= Beginning of Section =

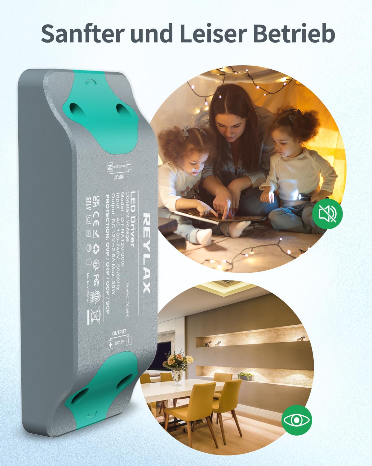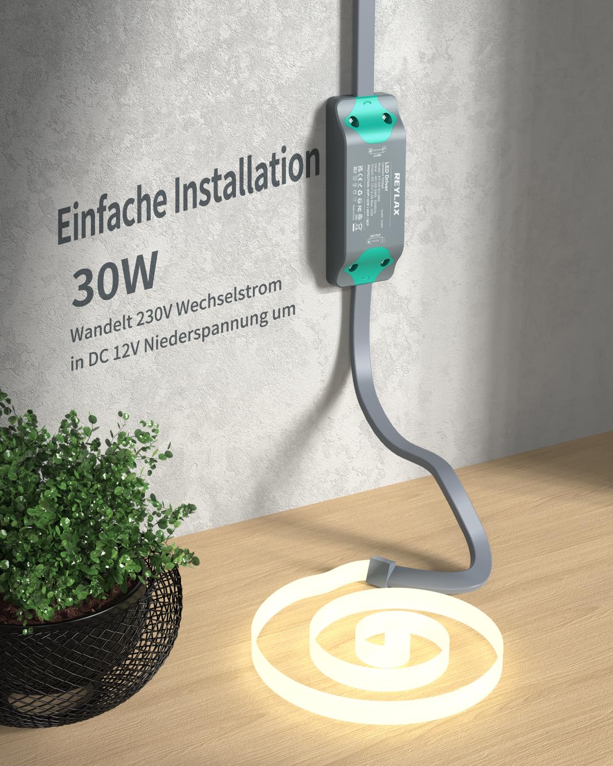 【Kompaktes Design】Der LED Trafo fügt sich nahtlos in jede Umgebung ein, ohne dabei das Innendesign zu beeinträchtigen. Verstecken Sie ihn diskret hinter Küchenschränken, Wohnzimmerdecken, Möbelwänden oder sogar Badezimmerspiegeln für eine elegante und unauffällige Beleuchtungslösung.
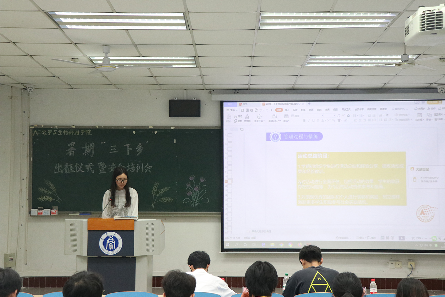 许莹竹老师首先做动员讲话,她指出老员工社会实践的重要意义,是要用脚步丈量大地,在实践中增长才干。她要求同学们一是要牢固树立安全意识,自觉树立良好形象,二是扎实开展服务,传承弘扬实践精神,三是聚焦专业背景,助力乡村振兴战略,四是不断完善自我,自觉主动锻炼成长。特别强调要切实落实安全措施,充分完善应急预案,在保障自身安全的前提下完成好实践任务。
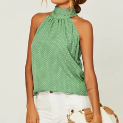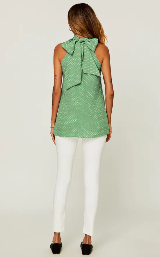 White Polka Dot Print Halter Neck Tie Back Top In Green
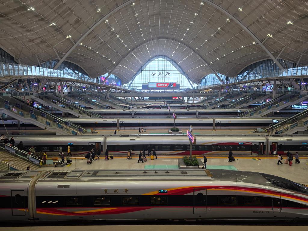 車窗外,華北平原褪去了冬日蕭索,廣袤大地在暖陽下延展,正靜待春耕。復(fù)興號(hào)高鐵掠過中原腹地,車廂顯示屏上穩(wěn)定顯示著時(shí)速350公里的數(shù)字。
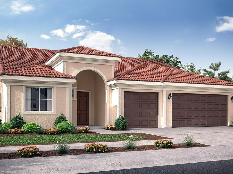 This home features 4 bedrooms, 2.5 bathrooms, three car garage, and a covered patio. If you're looking for a gourmet kitchen, look no further! This home features a large kitchen with granite counter tops, recessed lighting, stainless steel appliances, and pendant light prewires over the large island, and plenty of cabinets for storage. This home will also have beautiful molded interior doors throughout, ceiling fan prewires in great room, owners' suite, and covered patio, a separate bath tub and shower in the master bedroom as well as a large walk in closet. The hall bathroom features dual sinks. All this with a Spanish Style exterior and there is still time to customize your counter tops and flooring. Make your appointment today to see this beautiful home.
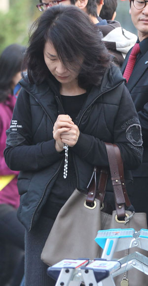 2012학년도 대학수학능력시험이 실시된 10일 오전 서울 강남구 삼성동 경기고등학교에서 한 수험생 어머니가 교문 앞에서 간절한 기도를 하고 있다

= End of Section =

Exercise brief: Reproduce exactly the lines from the one with "White Polka Dot" to the bottom of the listing, both ends included, and nothing else. Skip the pictures.

Reply:
 White Polka Dot Print Halter Neck Tie Back Top In Green
 車窗外,華北平原褪去了冬日蕭索,廣袤大地在暖陽下延展,正靜待春耕。復(fù)興號(hào)高鐵掠過中原腹地,車廂顯示屏上穩(wěn)定顯示著時(shí)速350公里的數(shù)字。
 This home features 4 bedrooms, 2.5 bathrooms, three car garage, and a covered patio. If you're looking for a gourmet kitchen, look no further! This home features a large kitchen with granite counter tops, recessed lighting, stainless steel appliances, and pendant light prewires over the large island, and plenty of cabinets for storage. This home will also have beautiful molded interior doors throughout, ceiling fan prewires in great room, owners' suite, and covered patio, a separate bath tub and shower in the master bedroom as well as a large walk in closet. The hall bathroom features dual sinks. All this with a Spanish Style exterior and there is still time to customize your counter tops and flooring. Make your appointment today to see this beautiful home.
 2012학년도 대학수학능력시험이 실시된 10일 오전 서울 강남구 삼성동 경기고등학교에서 한 수험생 어머니가 교문 앞에서 간절한 기도를 하고 있다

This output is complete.